According to MapReduce programming specification, compile Mapper, Reducer and Driver respectively.

Environment to prepare

Create maven project, MapReduceDemo

Add the following dependencies to the POM.xml file

<dependencies> <dependency> <groupId>org.apache.hadoop</groupId> <artifactId>hadoop-client</artifactId> <version>3.1.3</version> </dependency> <dependency> <groupId>junit</groupId> <artifactId> <version>4.12</version> </dependency> <dependency> <groupId>org.slf4j</groupId> <artifactId> The < version > 1.7.30 < / version > < / dependency > < / dependencies >Copy the code

In the SRC /main/resources directory of your project, create a new file named “log4j.properties” and fill it in.

log4j.rootLogger=INFO, stdout
log4j.appender.stdout=org.apache.log4j.ConsoleAppender
log4j.appender.stdout.layout=org.apache.log4j.PatternLayout
log4j.appender.stdout.layout.ConversionPattern=%d %p [%c] - %m%n
log4j.appender.logfile=org.apache.log4j.FileAppender
log4j.appender.logfile.File=target/spring.log
log4j.appender.logfile.layout=org.apache.log4j.PatternLayout
log4j.appender.logfile.layout.ConversionPattern=%d %p [%c] - %m%n
Copy the code

Create a package name: com. MOE. Graphs.

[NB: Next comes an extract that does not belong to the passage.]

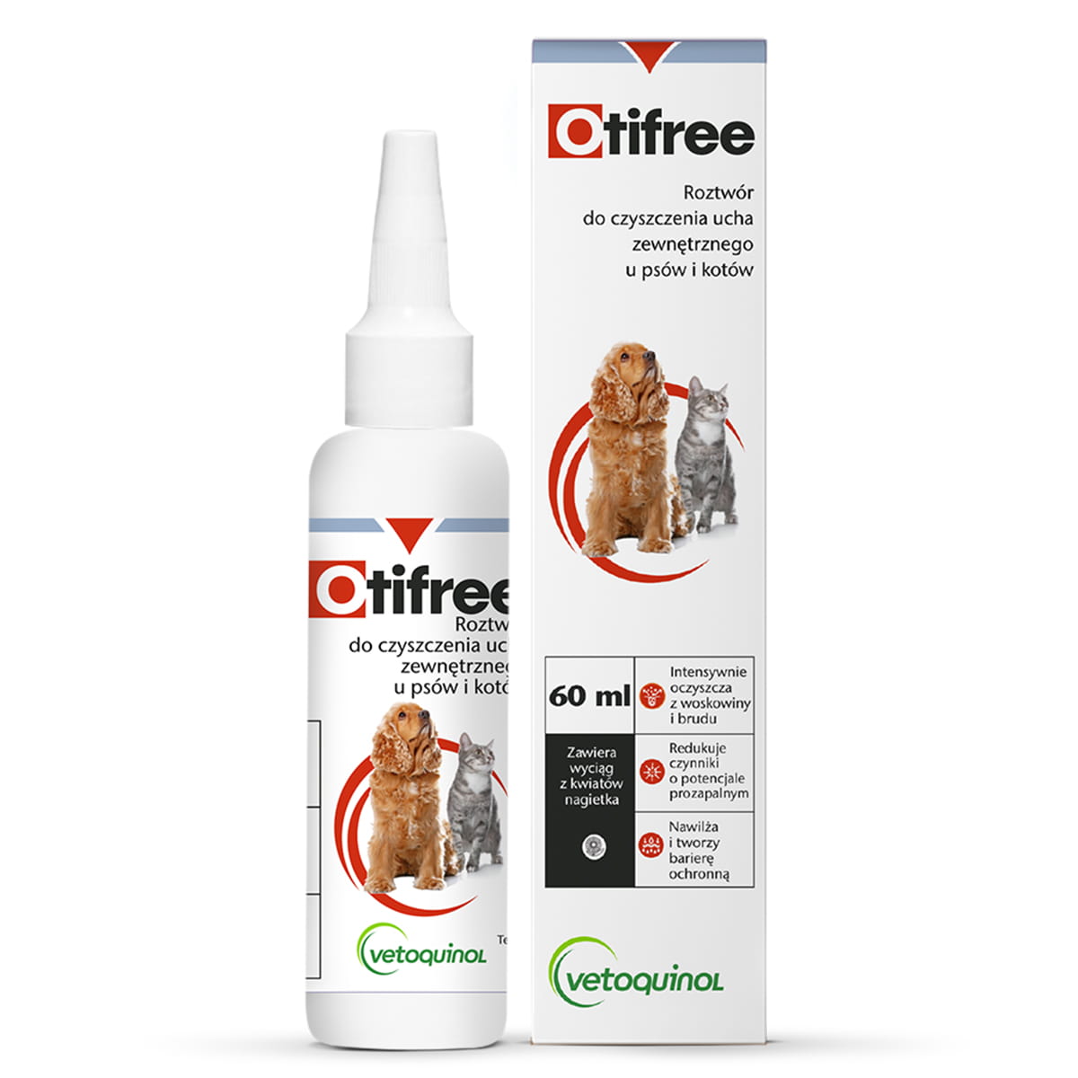 Animalul dvs. de companie devine nerăbdător atunci cândîși curăță urechile? Avem o soluție pentru asta! LaVetoquinol,credem că ocurățareeficientăși un sentiment de confort ar trebui să meargă mână în mână.Acesta este motivul pentru care a fost creatOtifree- unpreparat delicat pentrucurățareacanalului auditiv extern al câinilor și pisicilor.Combinația unică de ingrediente a soluției permitedizolvareaintensivăa cerumenuluiși a murdăriei persistente, fără a irita pielea .

Wordcount

Write a program

Write the Mapper class

public class WordCountMapper extends Mapper<LongWritable.Text.Text.IntWritable> {

    private Text outK = new Text();
    private IntWritable outV = new IntWritable(1);

    @Override
    protected void map(LongWritable key, Text value, Context context) throws IOException, InterruptedException {
        // 1 gets a row
        String line = value.toString();
        / / 2
        String[] words = line.split("");
        // 3 Write the loop
        for (String word : words) {
            / / encapsulation outk
            outK.set(word);
            / / writecontext.write(outK, outV); }}}Copy the code

Write the Reducer class

public class WordCountReducer extends Reducer<Text.IntWritable.Text.IntWritable> {

   private IntWritable outV = new IntWritable();

   @Override
   protected void reduce(Text key, Iterable<IntWritable> values, Context context) throws IOException, InterruptedException {
       int sum = 0;
       / / accumulation
       for (IntWritable value : values) {
           sum += value.get();
       }
       outV.set(sum);
       / / writecontext.write(key, outV); }}Copy the code

Write Driver Driver classes

public class WordCountDriver {

    public static void main(String[] args) throws IOException, ClassNotFoundException, InterruptedException {
        // 1 Obtain the job
        Configuration conf = new Configuration();
        Job job = Job.getInstance(conf);
        // 2 Set the jar package path
        job.setJarByClass(WordCountDriver.class);
        // 3 Associate mapper and reducer
        job.setMapperClass(WordCountMapper.class);
        job.setReducerClass(WordCountReducer.class);
        // 4 Set the KV type for the map output
        job.setMapOutputKeyClass(Text.class);
        job.setMapOutputValueClass(IntWritable.class);
        // 5 Sets the final output kV type
        job.setOutputKeyClass(Text.class);
        job.setOutputValueClass(IntWritable.class);
        // 6 Set the input path and output path
        FileInputFormat.setInputPaths(job, new Path("D:\input\inputword"));
        FileOutputFormat.setOutputPath(job, new Path("D:\hadoop\output888"));
        // 7 Submit the job
        boolean result = job.waitForCompletion(true);
        System.exit(result ? 0 : 1); }}Copy the code

Local test

The HADOOP_HOME variable and Windows run dependencies need to be configured first

Run the program on IDEA/Eclipse

2. Commit to cluster test

Testing on the cluster

Using Maven to jar packages, you need to add package plugin dependencies

<build> <plugins> <plugin> <artifactId> Maven-compiler-plugin </artifactId> <version>3.6.1</version> <configuration> <source>1.8</source> <target>1.8</target> </configuration> </plugin> <artifactId>maven-assembly-plugin</artifactId> <configuration> <descriptorRefs> <descriptorRef>jar-with-dependencies</descriptorRef> </descriptorRefs> </configuration> <executions> <execution> <id>make-assembly</id> <phase>package</phase> <goals> <goal>single</goal> </goals> </execution> </executions> </plugin> </plugins> </build>Copy the code

Jar the program
Change the name of the jar package without dependencies to wc.jar and copy the JAR package to /opt/module/hadoop-3.1.3 in the Hadoop cluster.

Starting a Hadoop Cluster

[moe@hadoop102 ~]$ start-dfs.sh
[moe@hadoop103 ~]$ start-yarn.sh
Copy the code

Execute the WordCount program

[moe@hadoop102 ~]$ hadoop jar wc.jar com.moe.mapreduce.wordcount.WordCountDriver /input /output
Copy the code

mo4tech.com (Moment For Technology) is a global community with thousands techies from across the global hang out!Passionate technologists, be it gadget freaks, tech enthusiasts, coders, technopreneurs, or CIOs, you would find them all here.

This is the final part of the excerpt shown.